Obama’s trade policy opportunity

By Lori Wallach

Contrary to the clamor from the U.S. Chamber of Commerce and newspaper editorials, the Obama trade agenda is not stalled - it is in formation.

This week, negotiations started on President Barack Obama’s first potential trade agreement - the Trans-Pacific Partnership. Will the administration transform the TPP process that Bush initiated in 2008, so as to translate Obama’s campaign trade reform commitments into a new approach that that works for more people and thus rebuild bipartisan consensus for trade expansion? Or, will the administration revert to the Bush-Clinton-Bush trade pact model, and intensify the associated economic and political damage?

Creating a new policy is necessary in this era of globalization, if Americans are to enjoy the economic security of good jobs and an end of the crisis-inducing financial casino, a clean environment, and safe food and products.

Indeed, creating a new trade policy will determine the success of much of the Obama administration’s domestic agenda given that today’s agreements extend far beyond tariffs and quotas to set parameters for numerous non-trade polices. Trade-pact investment and procurement rules will affect whether the billions being invested in the Green Economy will translate into American jobs. Trade-pact service sector rules define the policy space available to re-regulate finance and reform health insurance. Trade-pact rules implicate efforts to combat climate chaos.

The large agribusiness firms and job-offshoring multinationals who claim Obama’s trade agenda is stuck were the few beneficiaries of the 1990s pacts like the North American Free Trade Agreement and World Trade Organization. They oppose establishment of an Obama trade policy. They seek continuation of the status quo, starting with adoption of Bush’s leftover NAFTA-style pacts with Colombia, Korea and Panama. To revive this failed model - most recently rebuffed when a majority of House Democrats opposed Bush’s Peru agreement that mirrors the remaining three - would be a grievous policy and political mistake.

The goods news is that a diverse bloc in Congress has built consensus around a new approach designed to achieve trade expansion that can deliver U.S. job creation, consumer safety and environmental protection. A majority of House Democrats, including 12 full committee and 56 subcommittee chairs, have sponsored the Trade Reform, Accountability, Development and Employment (TRADE) Act, as have 23 Blue Dogs, 19 New Democrats and 30 Congressional Black Caucus members. The bipartisan legislation sponsored by Rep. Mike Michaud (D-Maine) and Sen. Sherrod Brown (D-Ohio) translates Obama’s trade reform commitments into a new trade-pact model - building on the initial reforms Democratic trade committee leaders extracted from Bush in 2007.

The TRADE Act’s provisions on what future pacts should and should not include provide a roadmap for trade expansion at a time when the damage wrought by the NAFTA-WTO model has transformed trade politics. In the past two elections, 72 congressional candidates that campaigned against the trade status quo and for a new approach replaced those who voted for NAFTA, CAFTA, and China’s WTO entry. GOP and Democratic 2008 candidates ran over 140 campaign ads on trade, as did the Democratic House and Senate national campaign committees. This reflects the strong public demand for a new American trade policy.
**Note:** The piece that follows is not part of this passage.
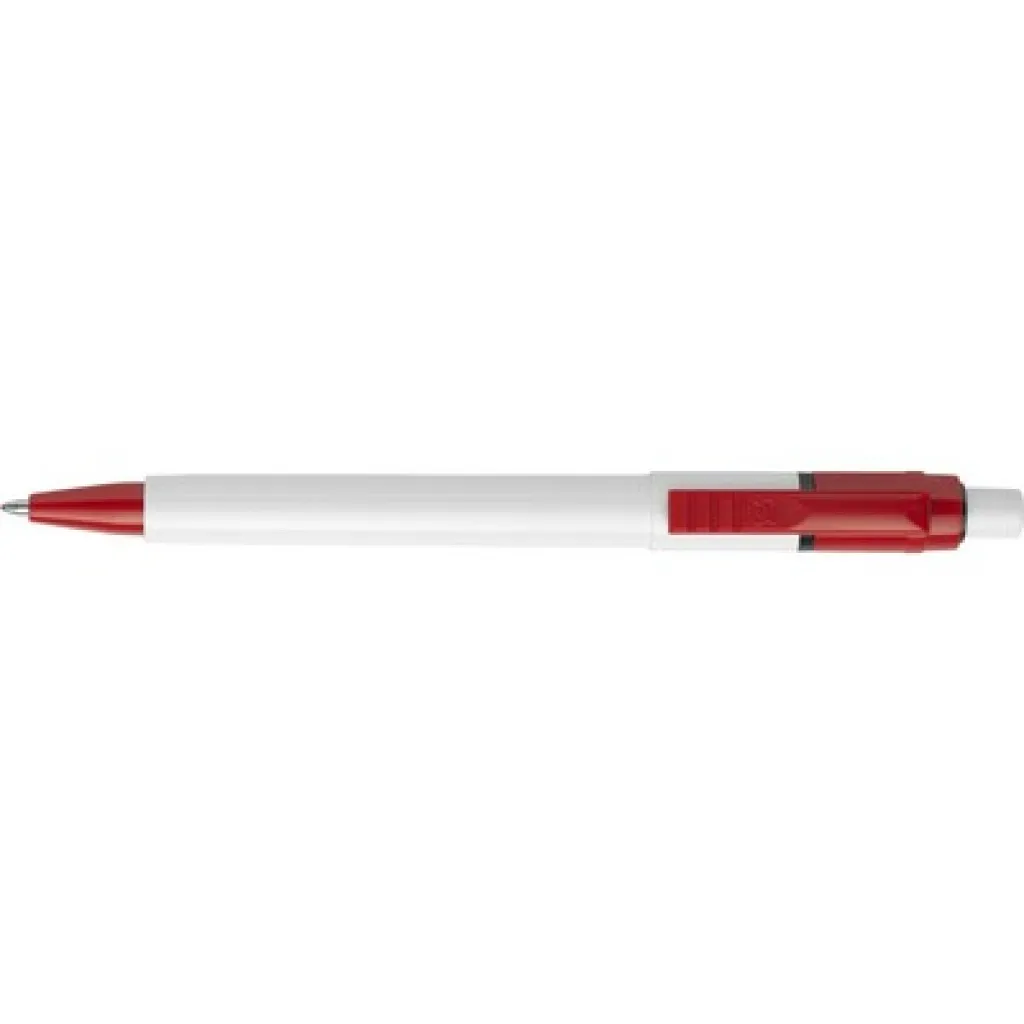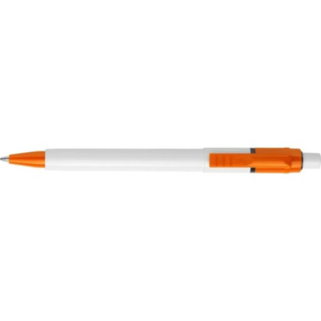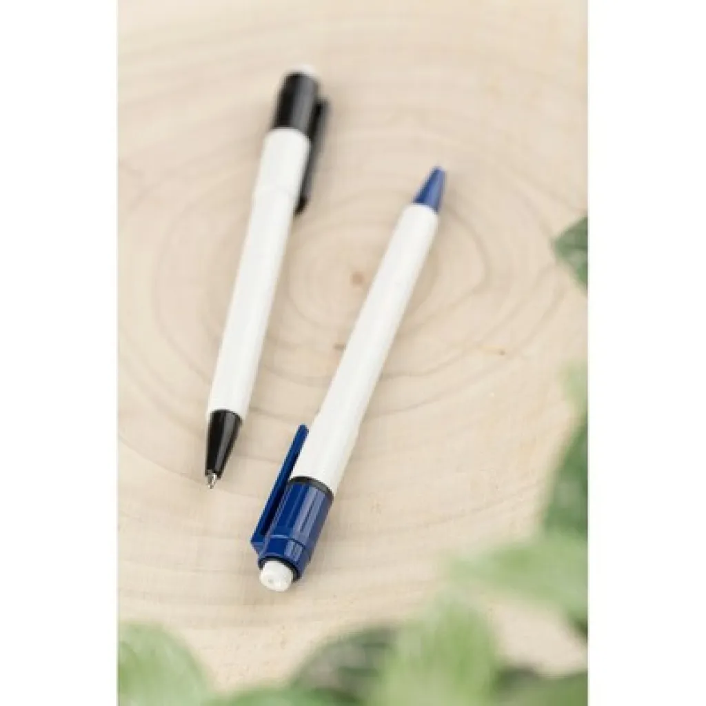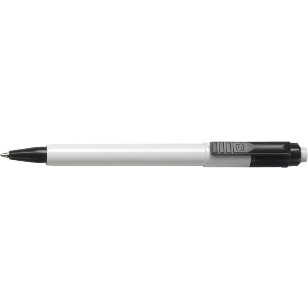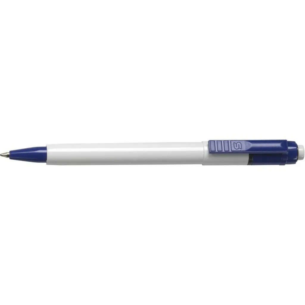 Ballpoint Stilolinea Baron with jumbo refill, a white barrel, colored clip, writes in blue, provided with German Dokumental Ink, product made from ABS, plastic, metal

Not surprisingly, polling shows bipartisan opposition to the old trade regime across diverse demographics. Since NAFTA and WTO went into effect, the U.S. lost net 5 million manufacturing jobs (one out of four in that sector) while American median wages remained stagnant despite productivity gains as corporations used the pacts’ investor protections to relocate and arbitrage their labor costs absent a floor of labor standards. Various environmental and health laws were attacked before trade tribunals. Unsafe food and product imports swelled. The trade deficit exploded from $102 billion to a height of $807 billion, with dire consequences for global economic stability. Quite simply, the old model has not worked for most Americans - nor for most in other nations, as is highlighted by the Doha Round WTO expansion deadlock.

For the Obama administration to succeed, it must not only update the trade-pact model, but also remedy our China trade disaster and update the 2001 Doha Round agenda. Treasury’s April 15 decision on China’s currency manipulation will be critical in determining the success of Obama’s goal of creating 2 million net new jobs from expanded exports. We would suffer net job losses and an enormous trade deficit were imports - to which China is the largest single contributor - to follow their current trend.

Time is overdue to dispense with the claim that critics of the past model are anti-trade. The question is trade under what terms. The bipartisan consensus that marked decades of U.S. trade votes was shattered with the 1990s advent of the NAFTA trade agreement model. Replacing the failed 1990s trade-pact experiments with the new American trade policy Obama promised and Americans expect is the way forward.

Wallach is director of Public Citizen’s Global Trade Watch.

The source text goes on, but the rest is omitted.